Wilder, Louise Beebe

Updated About encyclopedia.com content Print Article Share Article
views updated

WILDER, Louise Beebe

Born 30 January 1878, Baltimore, Maryland; died 20 April 1938, New York, New York

Daughter of Charles S. and Mary Harrison Beebe; married Walter R. Wilder, 1902; children: two

Louise Beebe Wilder was educated in private schools. With her husband, an architect, and her two children, she lived for many years in Pomona, New York, and moved in 1922 to Bronxville, then a fairly rural area. Very active in gardening club circles, she founded the Working Gardeners Club of Bronxville in 1925 and served as vice president of the Federated Garden Clubs of New York and editor of New York Gardens, its journal. She was also a director and member of the advisory council of the New York Botanical Garden. In 1937 the Garden Club of America awarded her a Gold Medal for Horticultural Achievement, a rare honor.

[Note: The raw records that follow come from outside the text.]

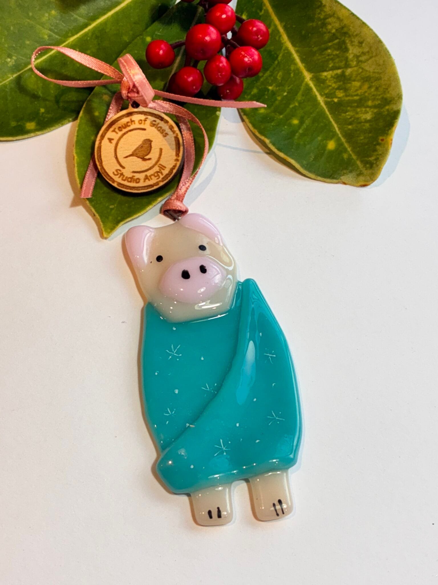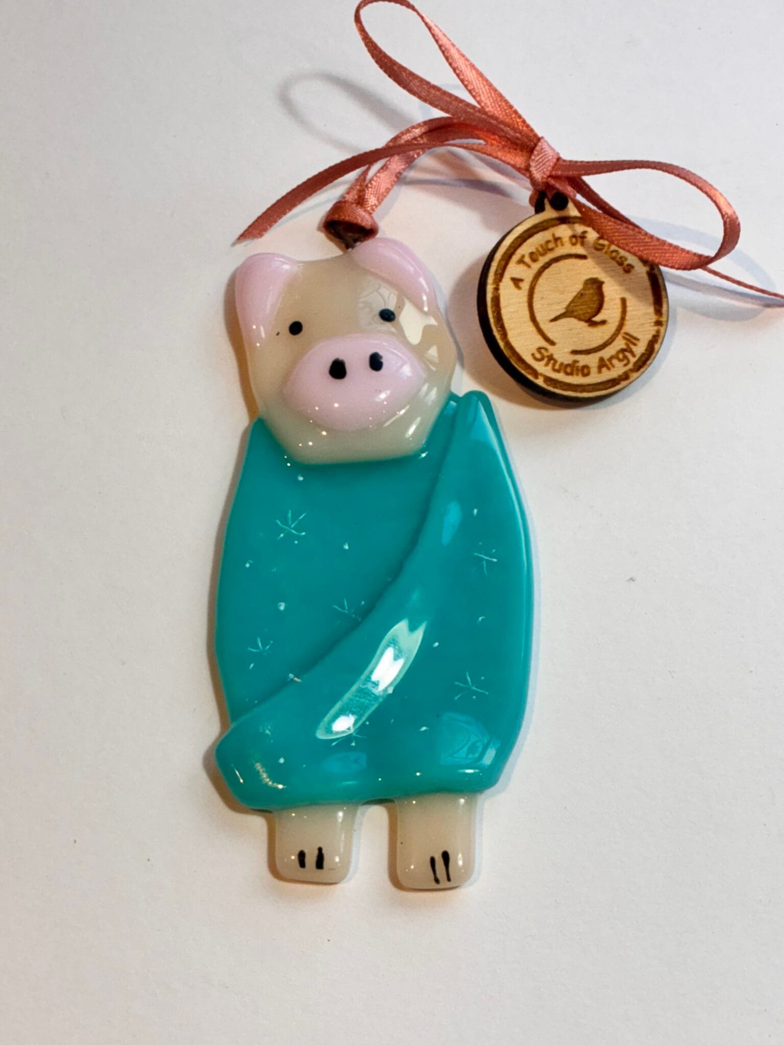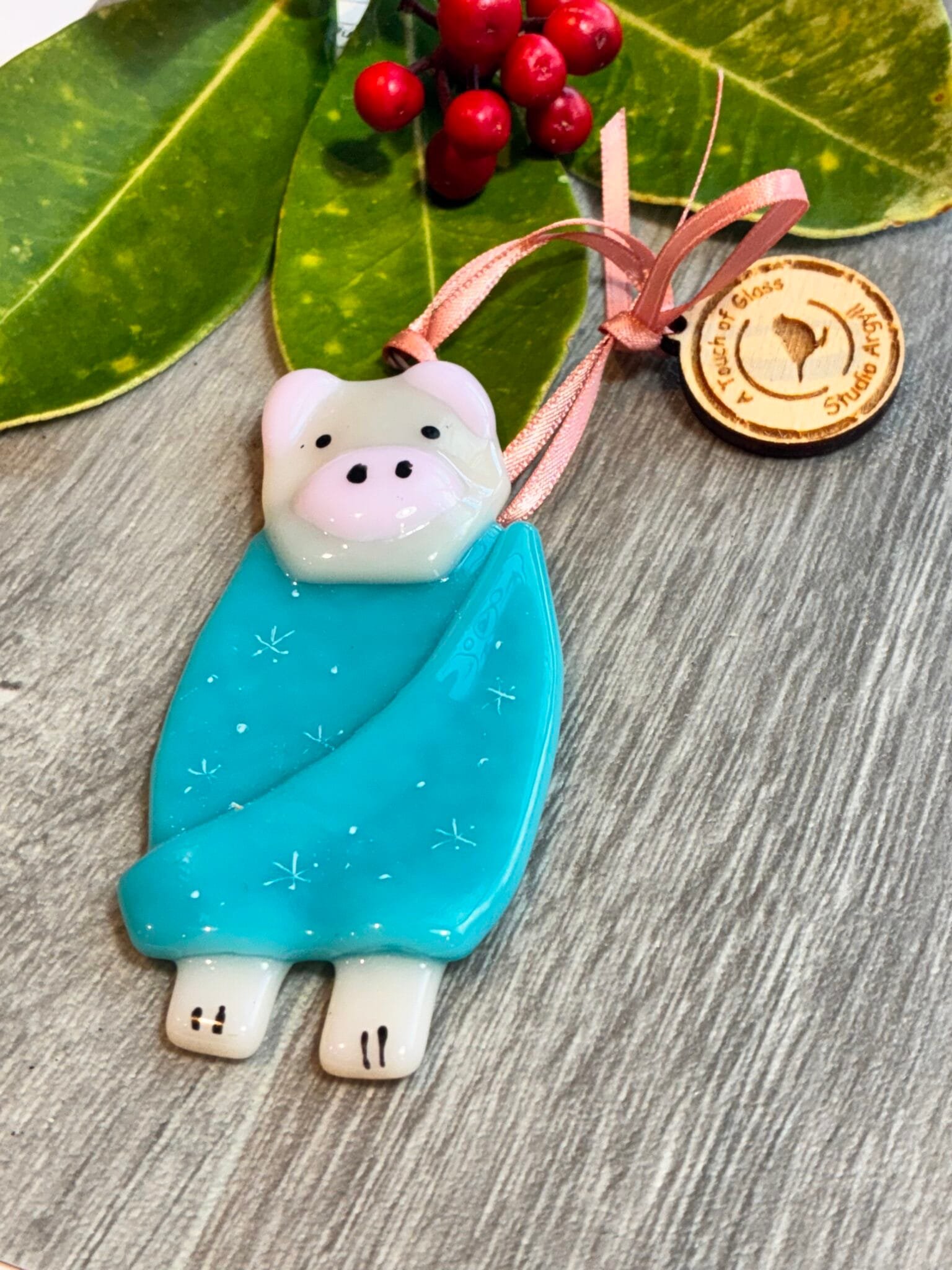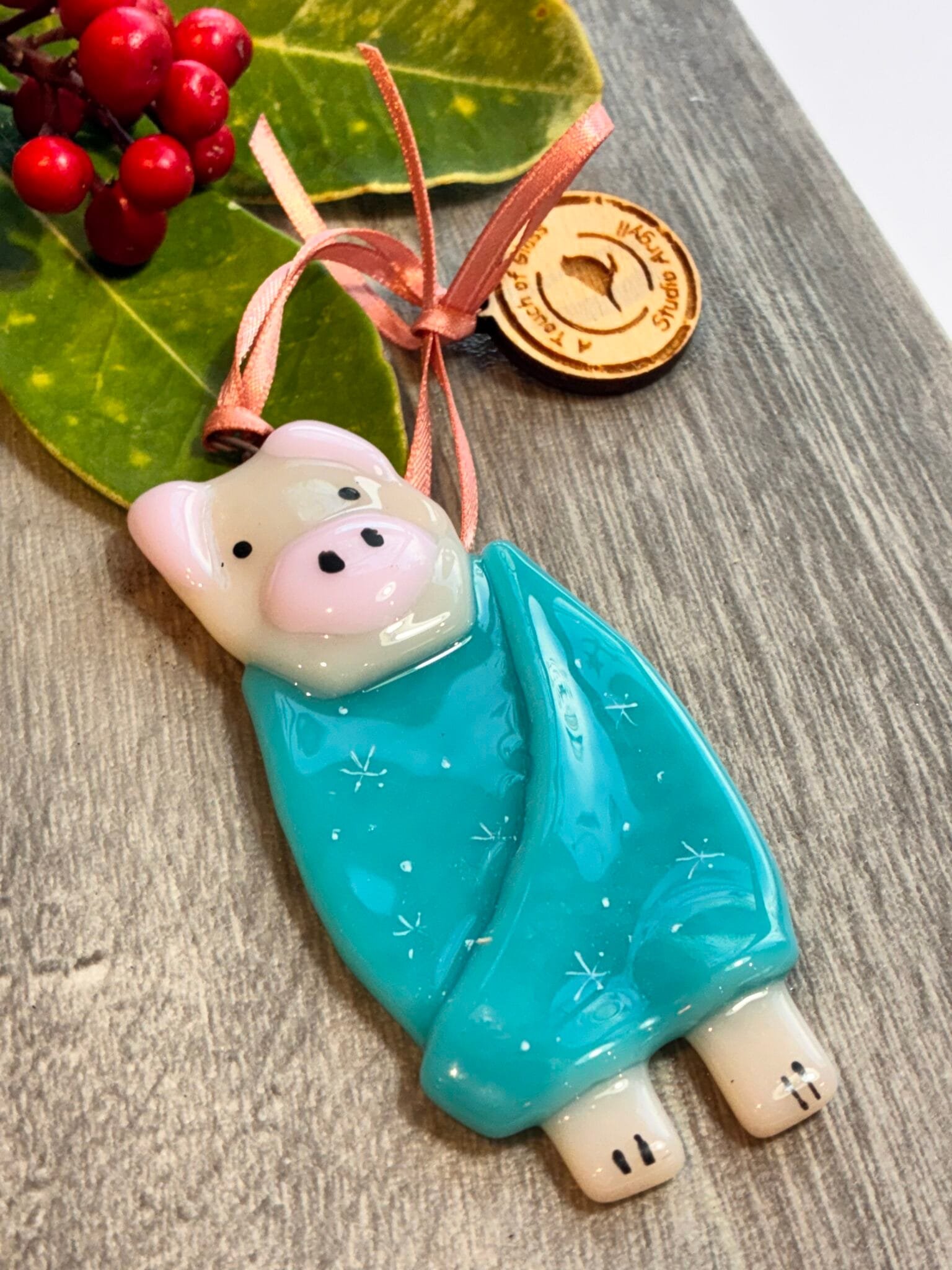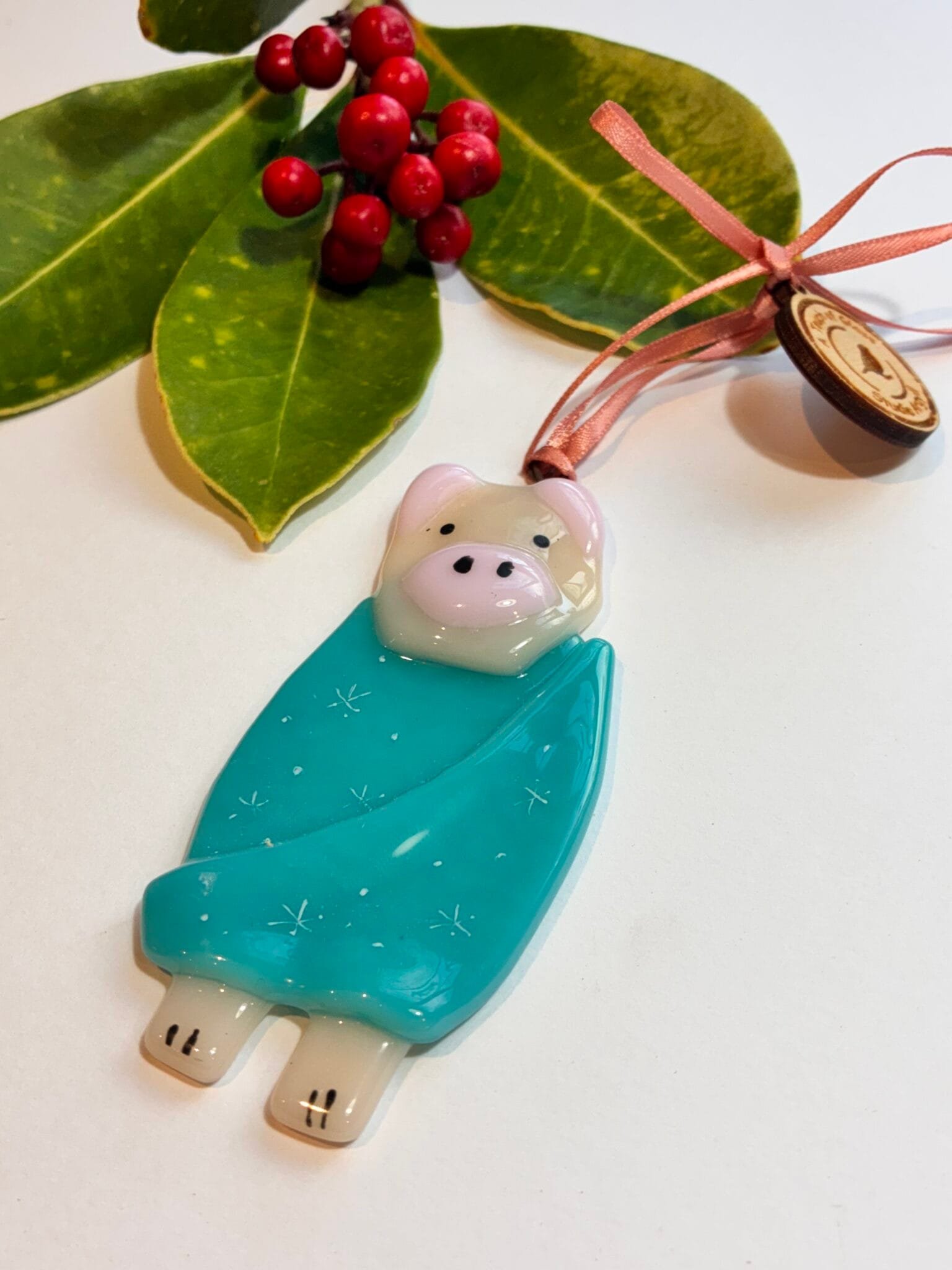 Fused Glass “Pigs in Blanket” Decoration, Christmas Ornament
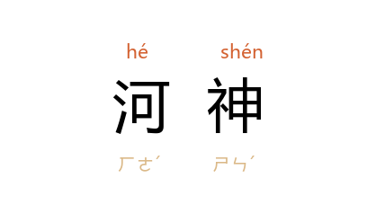 ⒈ 想象中统辖一条河流而具有河流监护威力的神灵。
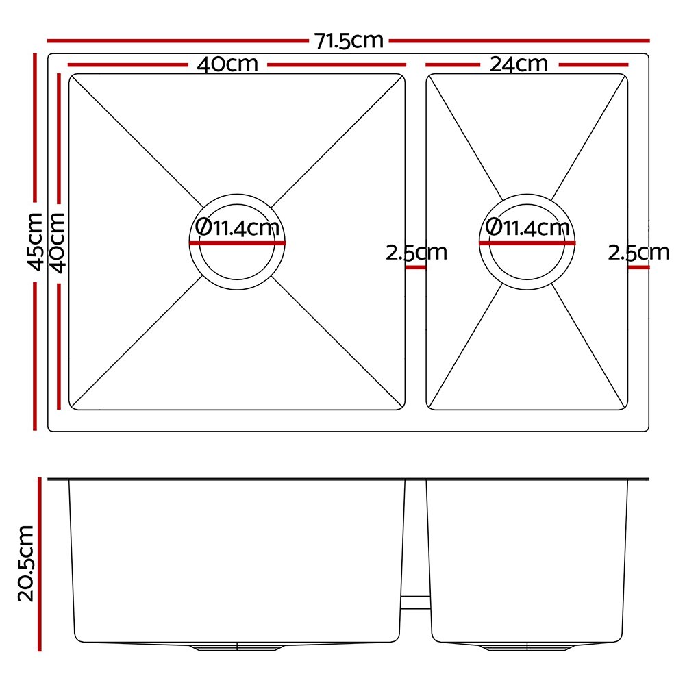 Cefito Kitchen Sink 71X45CM Stainless Steel Basin Double Bowl Silver
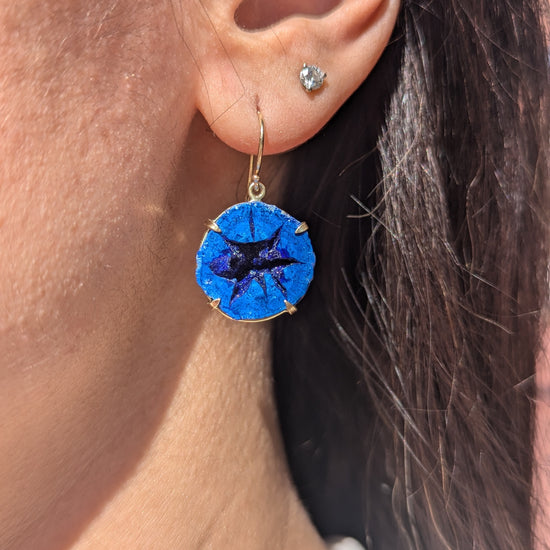 These threader earrings are hand-crafted from 14K yellow gold with miniature azurite geodes. Known for their unassuming exterior, azurite geodes reveal a breathtaking display of vibrant blue crystals when sliced open, making each pair truly one-of-a-kind.
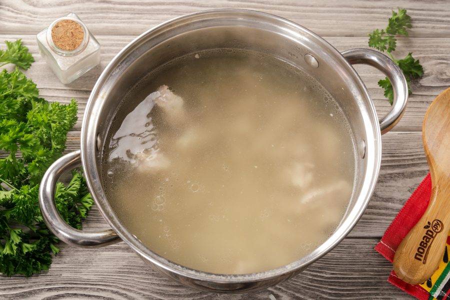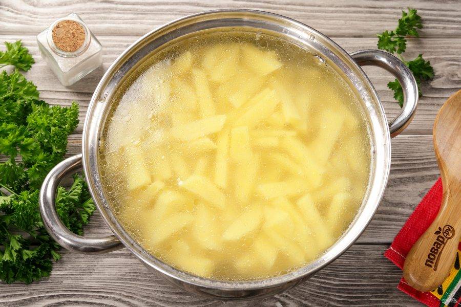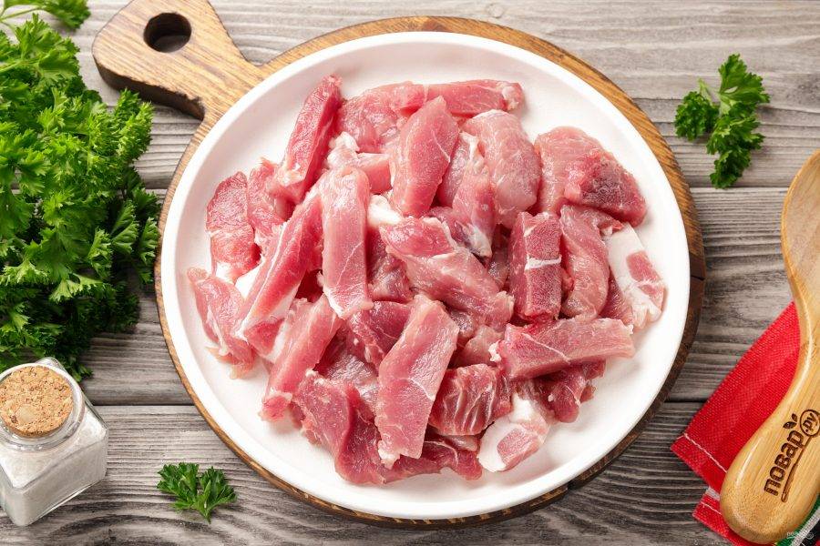 Свинину нарежьте брусочками, залейте водой и поставьте на огонь. Доведите до кипения, снимите пену и на минимальном огне варите около 40 минут.
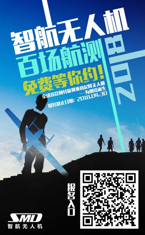4月13日,智航这款V系列小型便携式倾转旋翼无人机将正式在深圳公开发布,欢迎行业人士及媒体朋友前往参加,到时不仅可以解开这款新品的神秘面纱而且还有丰厚的大奖等着现场的幸运嘉宾进行抽取。最后,智航准备在2018年里进行全国百场航测活动,欢迎行业人士共同加入。
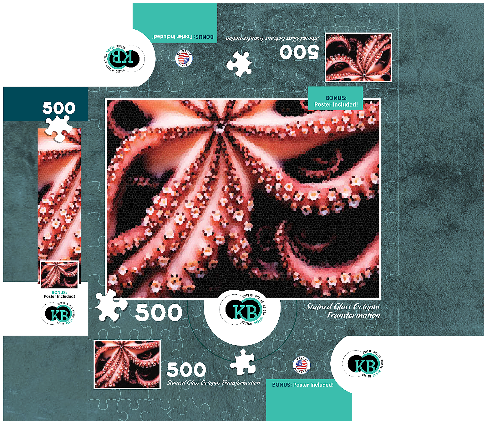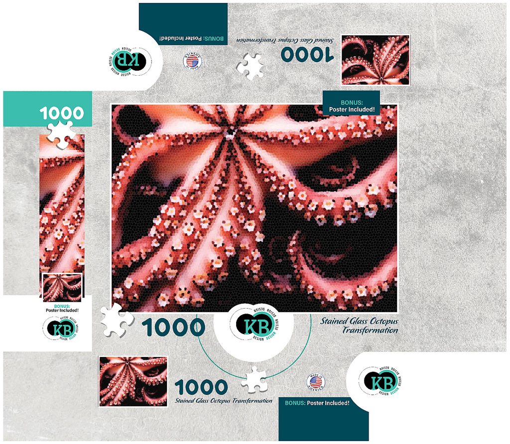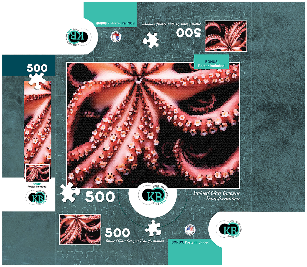 The abstract stained glass collection is a unique way to display some of your favorite subjects in artistic fashion. Designed to mimic the beauty of a stained glass window with bold panels of color-this octopus is a must-have for any wall. Choose from many other puzzles in this collection and display them all together to bring brilliant hues of abstract color into your home.
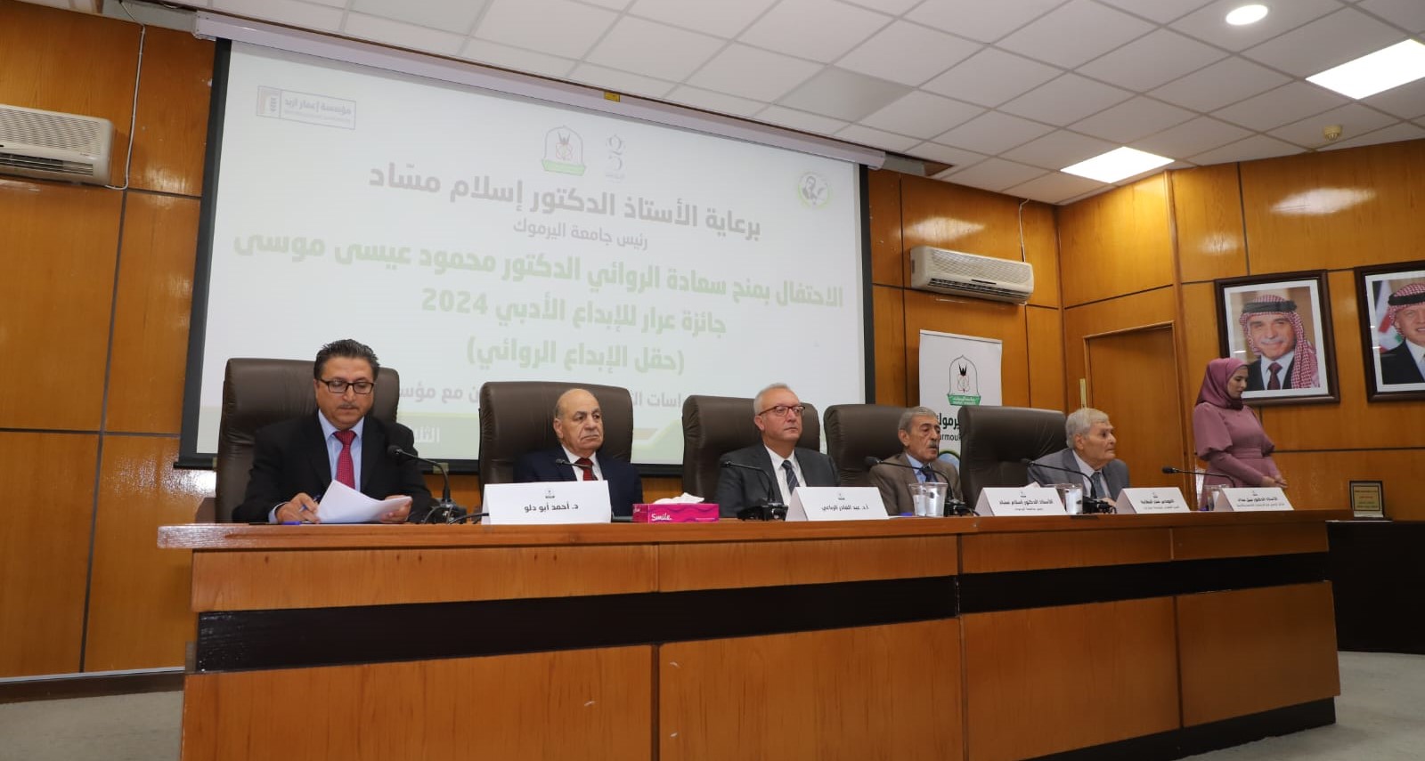 وفي نهاية الحفل الذي حضره نائب رئيس الجامعة للشؤون الأكاديمية الدكتور موسى ربابعة، وعدد من أعضاء الهيئتين التدريسية والإدارية والمهتمين من المجتمع المحلي وجمع من الطلبة، سلم مسّاد الدرع التكريمي وجائزة عرار للإبداع الأدبي للروائي الدكتور محمود عيسى موسى.
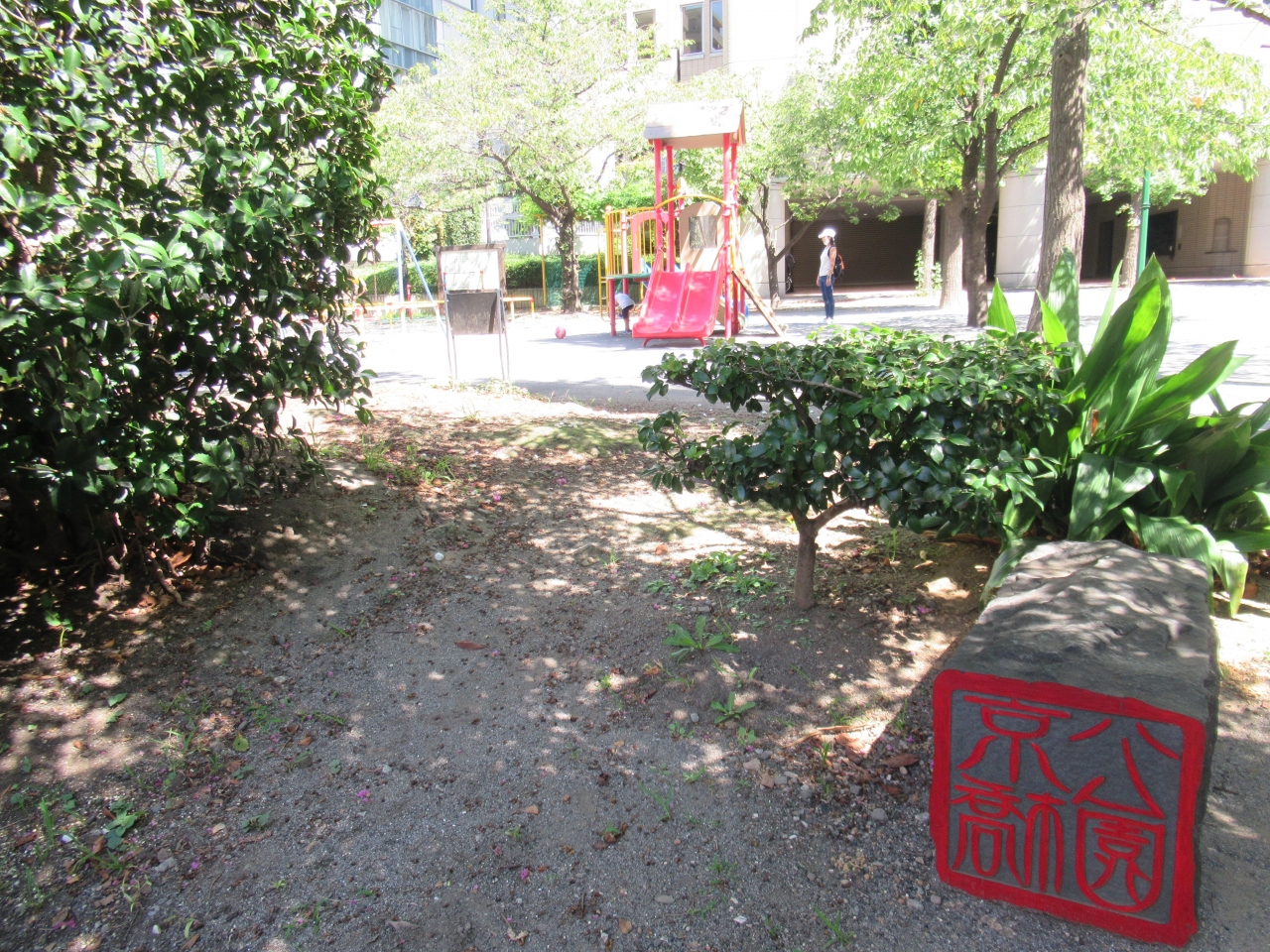 昭和通りの新京橋交差点から150mほど、京橋プラザ隣、木挽町仲通り沿いに建つ児童公園です。震災復興時に整備された歴史ある公園で、園内にはブランコや滑り台、砂場などの児童遊具が設置され、桜や柳、コブシなどが大きく生育しています。ビルの谷間に造られた、地元の人にとっては貴重な公園で、赤い文字で京橋公園と彫られたオブジェが横たわっているのが印象的でした。

Between 1916 and 1937, Wilder wrote nine gardening books and many articles for magazines and newspapers. In her writing, she often mentions her own gardens, especially a large garden surrounding an old farmhouse in Pomona and her "suburban" garden in Bronxville.

Her first book, My Garden (1916), covers many topics and gives general advice. In the foreword, she points out the suitability of gardening and the manual labor involved in it as a pastime for women. Colour in My Garden (1918) discusses the use of color in garden design but again is fairly nonspecialized in its approach. These and other works by Wilder are distinguished from the usual general gardening books because she presents a good deal of original material.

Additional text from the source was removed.